### Problem requirements
For the data below, transcribe the part that opens with the line containing "設計師的目標是將現代簡約風格" and closes with the line containing "为深入学习贯彻党的十九届五中", exactly and with no pictures.

### Data for analysis
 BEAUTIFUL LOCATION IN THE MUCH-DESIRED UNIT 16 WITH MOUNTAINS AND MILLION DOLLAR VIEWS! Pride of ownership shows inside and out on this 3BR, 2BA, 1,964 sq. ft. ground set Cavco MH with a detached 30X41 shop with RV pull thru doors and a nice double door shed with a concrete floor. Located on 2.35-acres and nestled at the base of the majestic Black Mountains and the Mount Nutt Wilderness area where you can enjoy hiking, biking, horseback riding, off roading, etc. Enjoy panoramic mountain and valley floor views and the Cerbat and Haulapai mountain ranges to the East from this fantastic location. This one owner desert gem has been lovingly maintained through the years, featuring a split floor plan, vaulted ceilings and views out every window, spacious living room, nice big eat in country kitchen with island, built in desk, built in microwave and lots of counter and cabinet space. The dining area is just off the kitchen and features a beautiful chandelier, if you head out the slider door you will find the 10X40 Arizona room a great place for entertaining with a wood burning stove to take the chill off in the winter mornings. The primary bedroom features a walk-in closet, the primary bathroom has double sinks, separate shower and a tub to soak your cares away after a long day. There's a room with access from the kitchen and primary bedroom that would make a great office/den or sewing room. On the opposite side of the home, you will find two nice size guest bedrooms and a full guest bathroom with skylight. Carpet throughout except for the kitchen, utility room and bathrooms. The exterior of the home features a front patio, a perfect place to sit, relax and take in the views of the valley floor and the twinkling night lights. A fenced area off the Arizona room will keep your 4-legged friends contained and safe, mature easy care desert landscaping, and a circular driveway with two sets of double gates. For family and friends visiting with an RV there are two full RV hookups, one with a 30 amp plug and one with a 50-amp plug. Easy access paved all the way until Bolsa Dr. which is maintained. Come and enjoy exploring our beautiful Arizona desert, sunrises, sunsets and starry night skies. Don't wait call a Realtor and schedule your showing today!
==
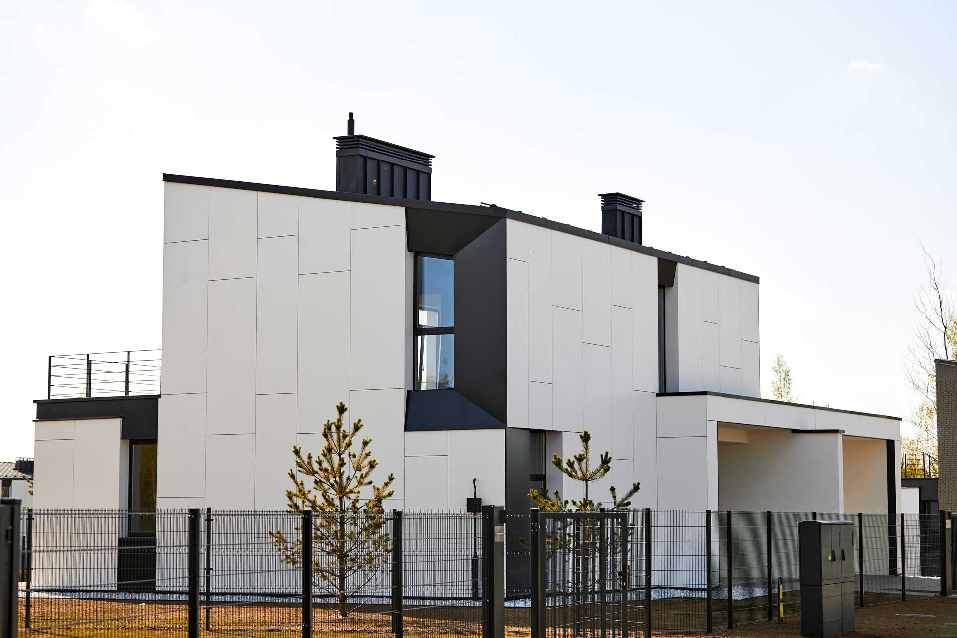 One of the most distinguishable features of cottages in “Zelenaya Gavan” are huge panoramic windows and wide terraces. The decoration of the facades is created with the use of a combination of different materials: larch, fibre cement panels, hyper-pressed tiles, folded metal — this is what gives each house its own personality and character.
---
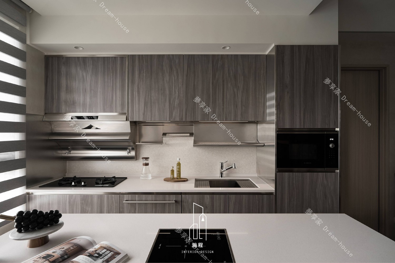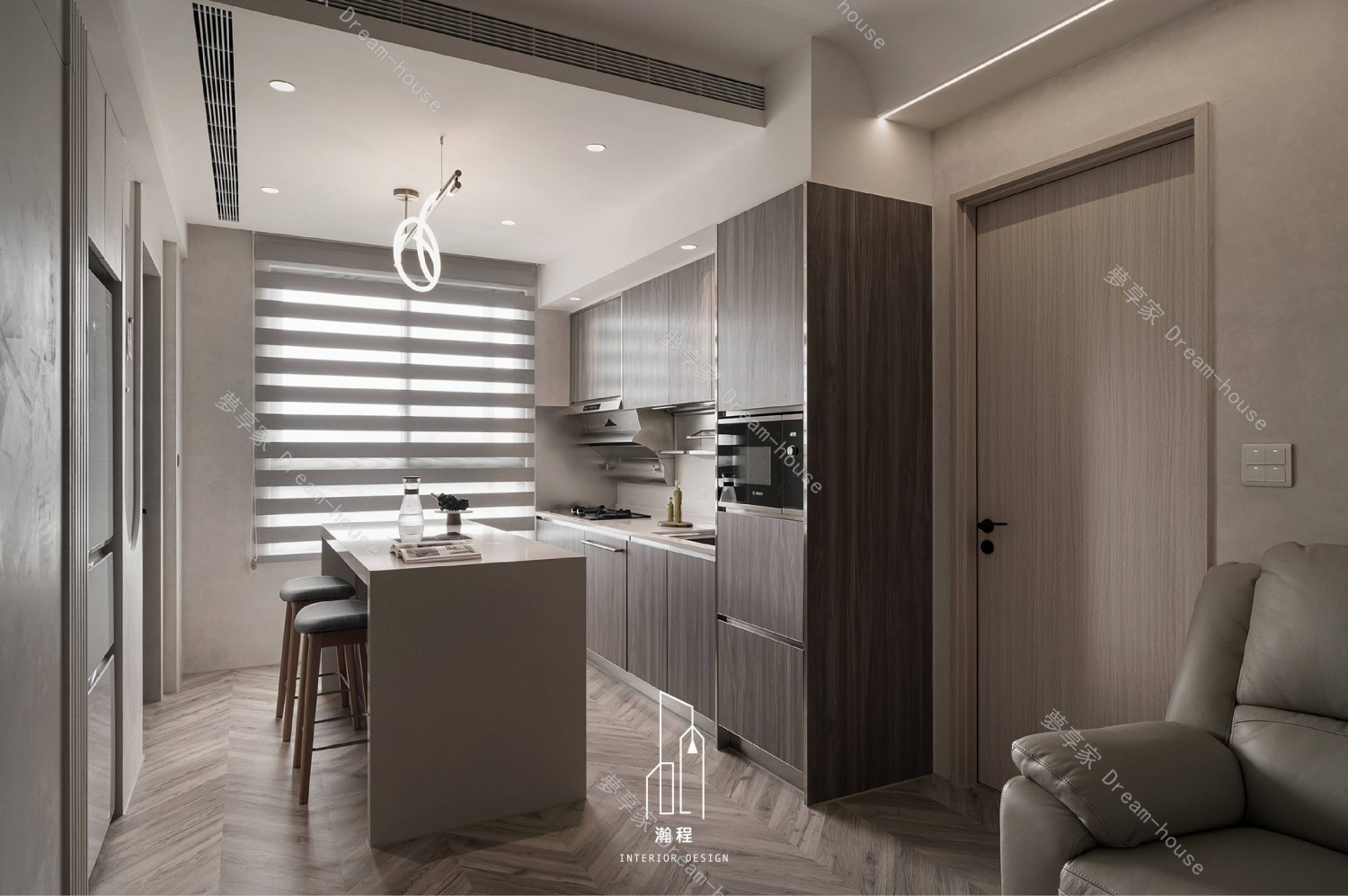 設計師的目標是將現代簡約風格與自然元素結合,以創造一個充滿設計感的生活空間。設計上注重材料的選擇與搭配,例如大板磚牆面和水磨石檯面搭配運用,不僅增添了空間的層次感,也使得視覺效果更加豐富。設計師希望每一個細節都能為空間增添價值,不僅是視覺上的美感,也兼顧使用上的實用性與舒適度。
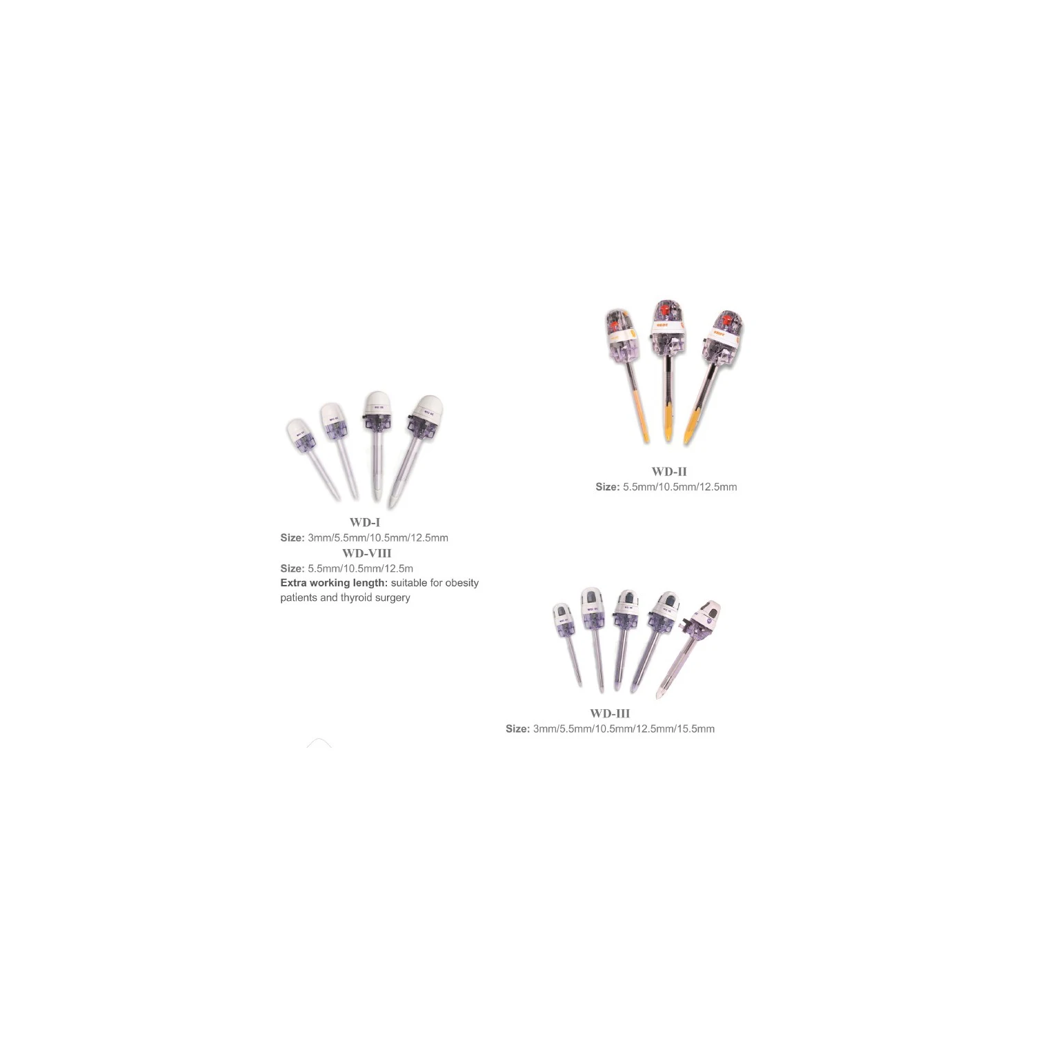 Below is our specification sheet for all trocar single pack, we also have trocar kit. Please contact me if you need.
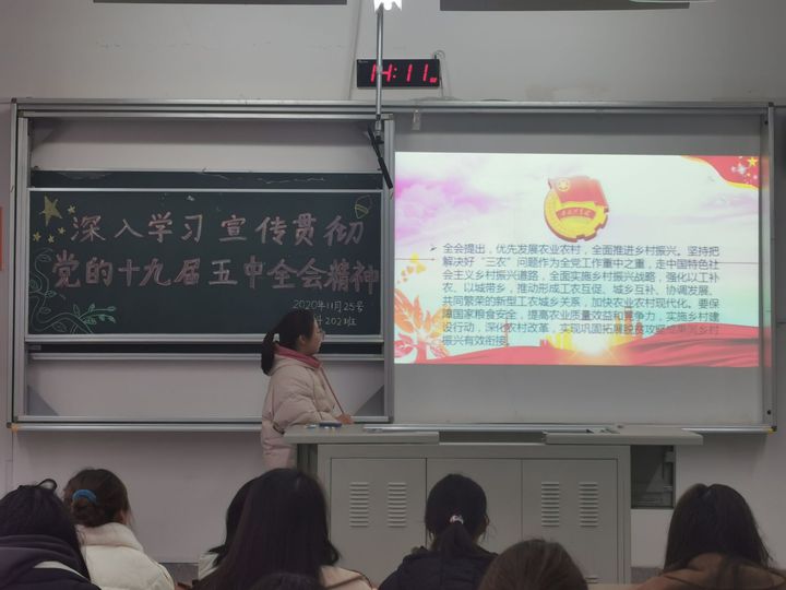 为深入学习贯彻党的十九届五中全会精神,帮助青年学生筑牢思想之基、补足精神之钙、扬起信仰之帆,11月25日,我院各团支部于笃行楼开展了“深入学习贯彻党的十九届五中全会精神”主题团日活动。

### Problem solution
 設計師的目標是將現代簡約風格與自然元素結合,以創造一個充滿設計感的生活空間。設計上注重材料的選擇與搭配,例如大板磚牆面和水磨石檯面搭配運用,不僅增添了空間的層次感,也使得視覺效果更加豐富。設計師希望每一個細節都能為空間增添價值,不僅是視覺上的美感,也兼顧使用上的實用性與舒適度。
 Below is our specification sheet for all trocar single pack, we also have trocar kit. Please contact me if you need.
 为深入学习贯彻党的十九届五中全会精神,帮助青年学生筑牢思想之基、补足精神之钙、扬起信仰之帆,11月25日,我院各团支部于笃行楼开展了“深入学习贯彻党的十九届五中全会精神”主题团日活动。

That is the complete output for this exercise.